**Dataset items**
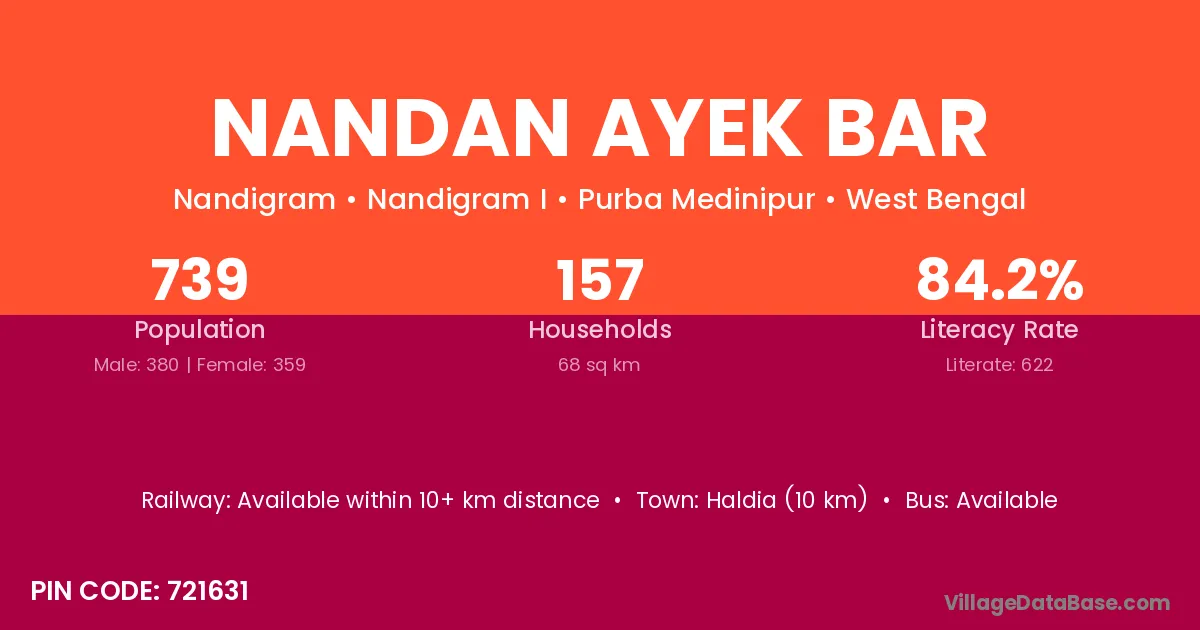 Haldia (10 km) is the nearest town to Nandan Ayek Bar village for major economic activities and is located approximately 10 km away.
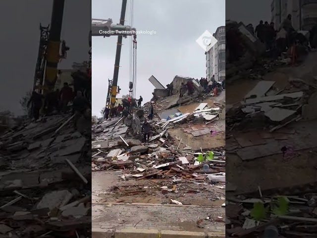 Moment building collapses in Turkey as rescuers continue earthquake searches
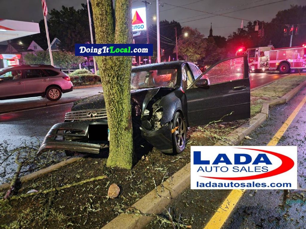 2021-07:02@10:13pm–#Bridgeport CT–A distracted mom took her eyes off the road for a second and crashed her car into a tree on North Avenue near Dewey Street. The children in the back of the car were fine, and the father came and took them home. The mother was in a great deal of pain and was transported to the hospital by EMS.
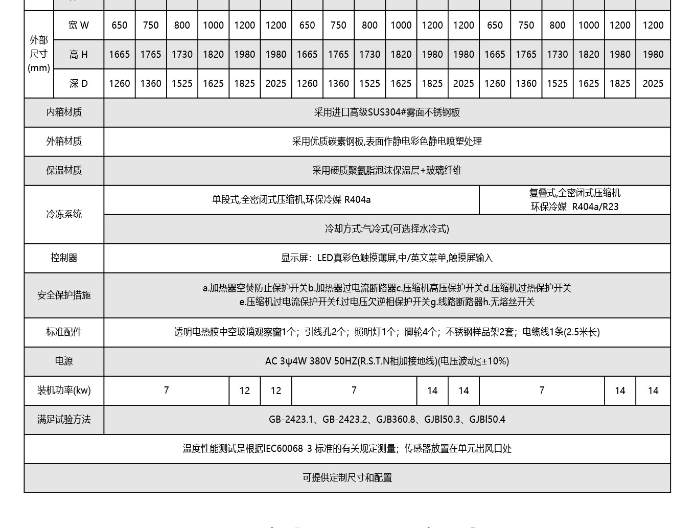 溫度範圍:-20℃/-40℃/-60℃/-70℃~+150℃
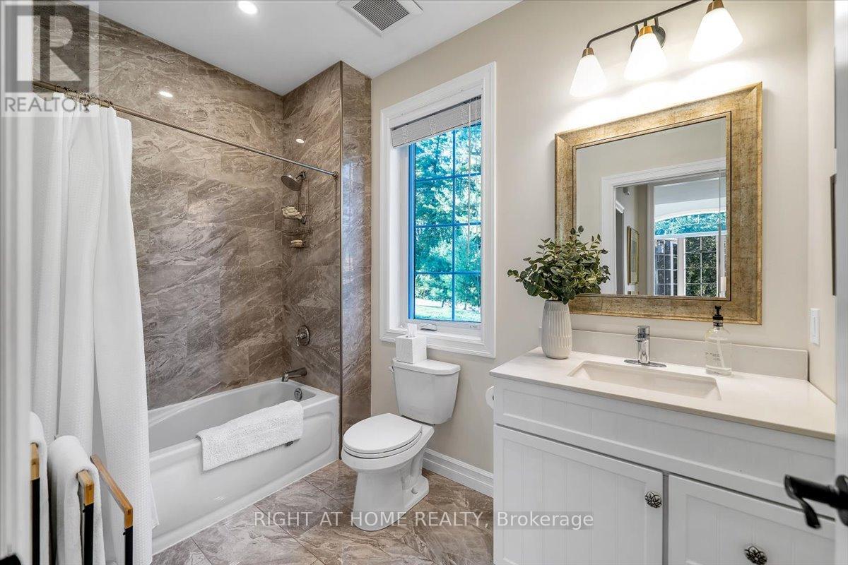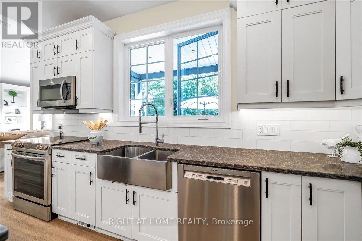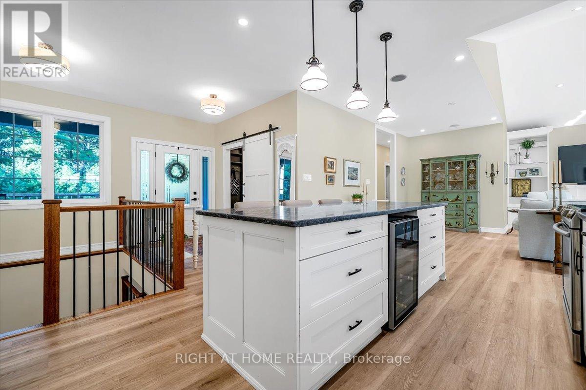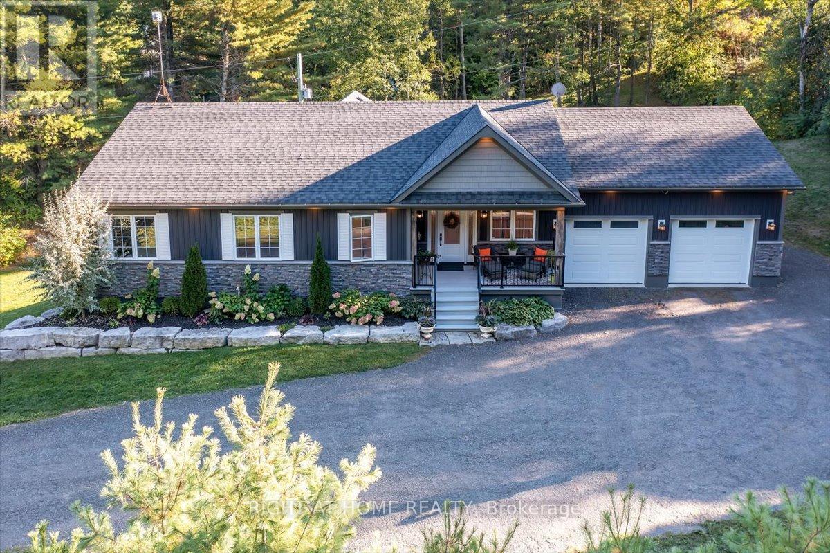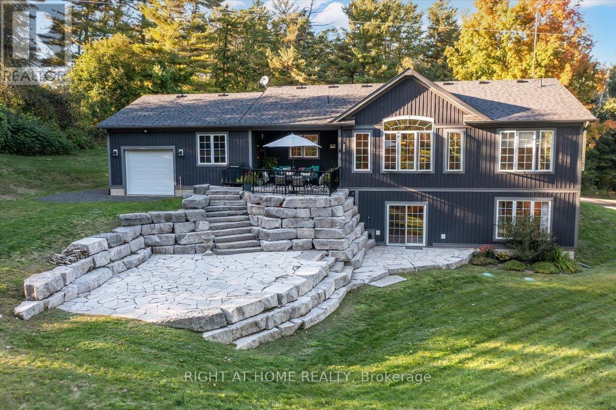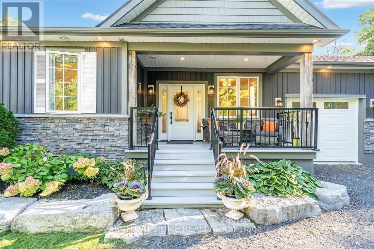 Welcome to this stunning, fully updated detached bungalow offering nearly 3,500 sq ft of finished living space on a quiet country lot just under 1 acre. With 5 bedrooms (3 up, 2 down) and a bright, open-concept layout, this home is ideal for families, hobbyists, or multi-generational living. Step inside to a spacious foyer and an airy living room with cathedral ceilings, expansive windows, and a walk-out to a raised backyard patio overlooking the sunken terrace below. The chefs kitchen is an entertainers dream, featuring stone countertops, a large island, stainless steel appliances, and an undermount farmhouse style sink below a picture window overlooking the backyard. Enjoy indoor-outdoor living with a covered front porch, two-level patio, and direct access to a heated double garage plus a rear garage door for convenient backyard access. The primary suite offers a peaceful retreat with large windows, a walk-in closet, and a 4-piece ensuite featuring a glass shower and heated floors. Two additional upstairs bedrooms offer generous space, large windows, and lighted closets. The fully finished lower level includes a spacious rec room with built-in shelving, two bedrooms with above grade windows, a 3-piece bathroom, a walk out to a stone patio and a wet bar set up perfectly for an in-law suite or extended family. The home features a fully installed backup generator for peace of mind, and a built-in sound system for effortless entertaining. Just a 3-minute drive to the lakeside village of Bewdley, you're never far from essentials- whether its a quick grocery run or a last-minute ingredient. Enjoy dining and access to Rice Lake for boating in summer and ice fishing in winter. Minutes to Ganaraska Forest's 11,000+ acres of trails and only 20 minutes to Hwy 407, Hwy 401, Peterborough, and Port Hope this home is perfectly situated for commuters, nature lovers, and anyone seeking peace and space without sacrificing convenience. Move in and enjoy- nothing left to do! (id:61423)

**AIM OF THE EXERCISE**
Restate all entries above exactly, but not the images.

**RESPONSE TO THE EXERCISE**
 Haldia (10 km) is the nearest town to Nandan Ayek Bar village for major economic activities and is located approximately 10 km away.
 Moment building collapses in Turkey as rescuers continue earthquake searches
 2021-07:02@10:13pm–#Bridgeport CT–A distracted mom took her eyes off the road for a second and crashed her car into a tree on North Avenue near Dewey Street. The children in the back of the car were fine, and the father came and took them home. The mother was in a great deal of pain and was transported to the hospital by EMS.
 溫度範圍:-20℃/-40℃/-60℃/-70℃~+150℃
 Welcome to this stunning, fully updated detached bungalow offering nearly 3,500 sq ft of finished living space on a quiet country lot just under 1 acre. With 5 bedrooms (3 up, 2 down) and a bright, open-concept layout, this home is ideal for families, hobbyists, or multi-generational living. Step inside to a spacious foyer and an airy living room with cathedral ceilings, expansive windows, and a walk-out to a raised backyard patio overlooking the sunken terrace below. The chefs kitchen is an entertainers dream, featuring stone countertops, a large island, stainless steel appliances, and an undermount farmhouse style sink below a picture window overlooking the backyard. Enjoy indoor-outdoor living with a covered front porch, two-level patio, and direct access to a heated double garage plus a rear garage door for convenient backyard access. The primary suite offers a peaceful retreat with large windows, a walk-in closet, and a 4-piece ensuite featuring a glass shower and heated floors. Two additional upstairs bedrooms offer generous space, large windows, and lighted closets. The fully finished lower level includes a spacious rec room with built-in shelving, two bedrooms with above grade windows, a 3-piece bathroom, a walk out to a stone patio and a wet bar set up perfectly for an in-law suite or extended family. The home features a fully installed backup generator for peace of mind, and a built-in sound system for effortless entertaining. Just a 3-minute drive to the lakeside village of Bewdley, you're never far from essentials- whether its a quick grocery run or a last-minute ingredient. Enjoy dining and access to Rice Lake for boating in summer and ice fishing in winter. Minutes to Ganaraska Forest's 11,000+ acres of trails and only 20 minutes to Hwy 407, Hwy 401, Peterborough, and Port Hope this home is perfectly situated for commuters, nature lovers, and anyone seeking peace and space without sacrificing convenience. Move in and enjoy- nothing left to do! (id:61423)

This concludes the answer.